Stashed in: Founders, Zuck!, Startup Lessons, Innovation, Virtual Reality!, Facebook Acquisitions
Why Facebook bought Oculus:
They would not be the last investors moved to rapture by Luckey’s invention. This past March, Facebook founder Mark Zuckerberg stopped by the Oculus offices for a demonstration and, according to Fortune magazine, immediately pronounced the Rift “one of the coolest things I’ve ever seen.” Within weeks, Facebook bought the company for $2 billion. In the Rift, Zuckerberg saw something far grander than a mere entertainment device. “Imagine enjoying a court-side seat at a game, studying in a classroom of students and teachers all over the world or consulting with a doctor face-to-face—just by putting on goggles in your home,” he wrote at the time. Even better, for Facebook’s purposes, virtual reality could allow users to share entire immersive experiences, rather than just photos.
Luckey was born to do this:
No one else in Luckey’s family was especially interested in technology, but his parents were happy to give over half of the garage at their Long Beach, California, home to his experiments. There, Luckey quickly progressed from making small electronics to “high-voltage stuff” like lasers and electromagnetic coilguns. Inevitably, there were mishaps. While working on a live Tesla coil, Luckey once accidentally touched a grounded metal bed frame, and blew himself across the garage; another time, while cleaning an infrared laser, he burned a gray spot into his vision.
When Luckey was 15, he started “modding” video game equipment: taking consoles like the Nintendo GameCube, disassembling them, and modifying them with newer parts, to transform them into compact, efficient and hand-crafted devices. “Modding was more interesting than just building things entirely using new technologies,” Luckey told me. “It was this very special type of engineering that required deeply understanding why people had made the decisions they made in designing the hardware.”

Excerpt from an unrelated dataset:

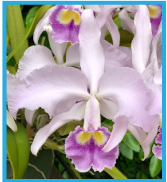
C. Lawre-Mossiae v. coerulea 'B' with close up

His genius idea was to use cheap optics and fix it in software:
Luckey decided to do what he’d been doing for years with game consoles: He’d take the technology apart, figure out where it was falling short and modify it with new parts to improve it. Very quickly, he realized that this wasn’t going to be simple. “It turned out that a lot of the approaches the old systems were taking were dead ends,” he said.

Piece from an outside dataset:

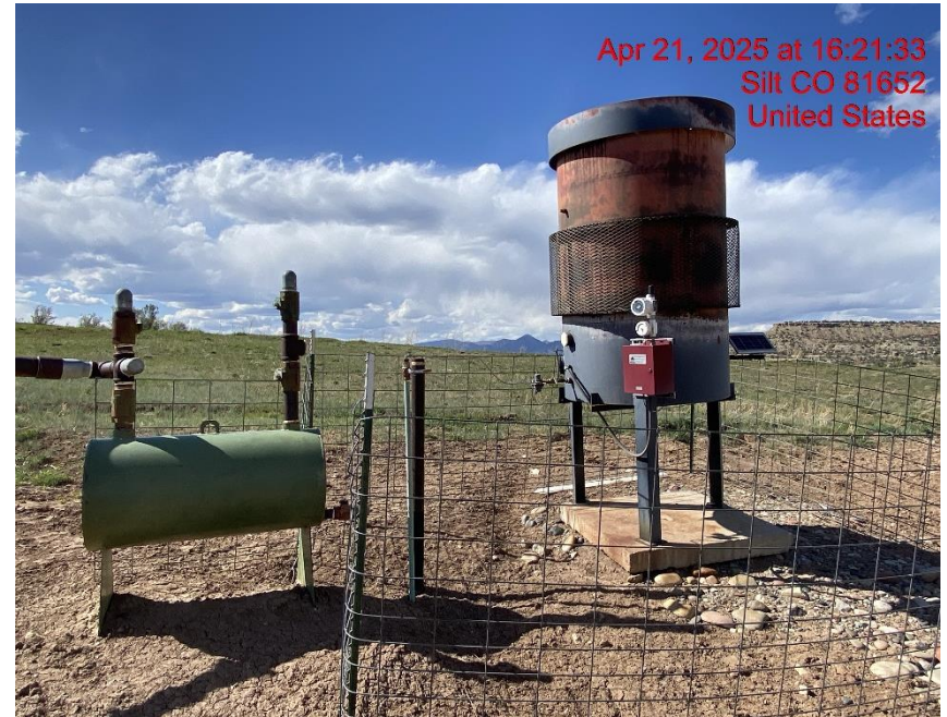
Location – Photo #08293

The problem was one of fundamental design philosophy. In order to create the illusion of a three-dimensional digital world from a single flat screen, VR manufacturers had typically used complex optical apparatuses that magnified the onscreen image to fill the user’s visual field while also correcting for any distortion. Because these optics had to perform a variety of elaborate tricks to make the magnified image seem clear, they were extremely heavy and costly to produce.

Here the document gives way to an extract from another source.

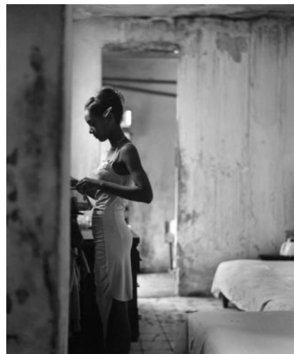
04_ © Havana, 2015 © Claire Garoutte

Luckey’s solution to this dilemma was ingeniously simple. Why use bulky, expensive optics, he thought, when he could put in cheap, lightweight lenses and then use software to distort the image, so that it came out clear through them? Plus, he quickly realized that he could combine these lenses with screens from mobile phones, which the smartphone arms race had made bigger, crisper and less expensive than ever before. “That let me make something that was a lot lighter and cheaper, with a much wider field of view, than anything else out there,” he said.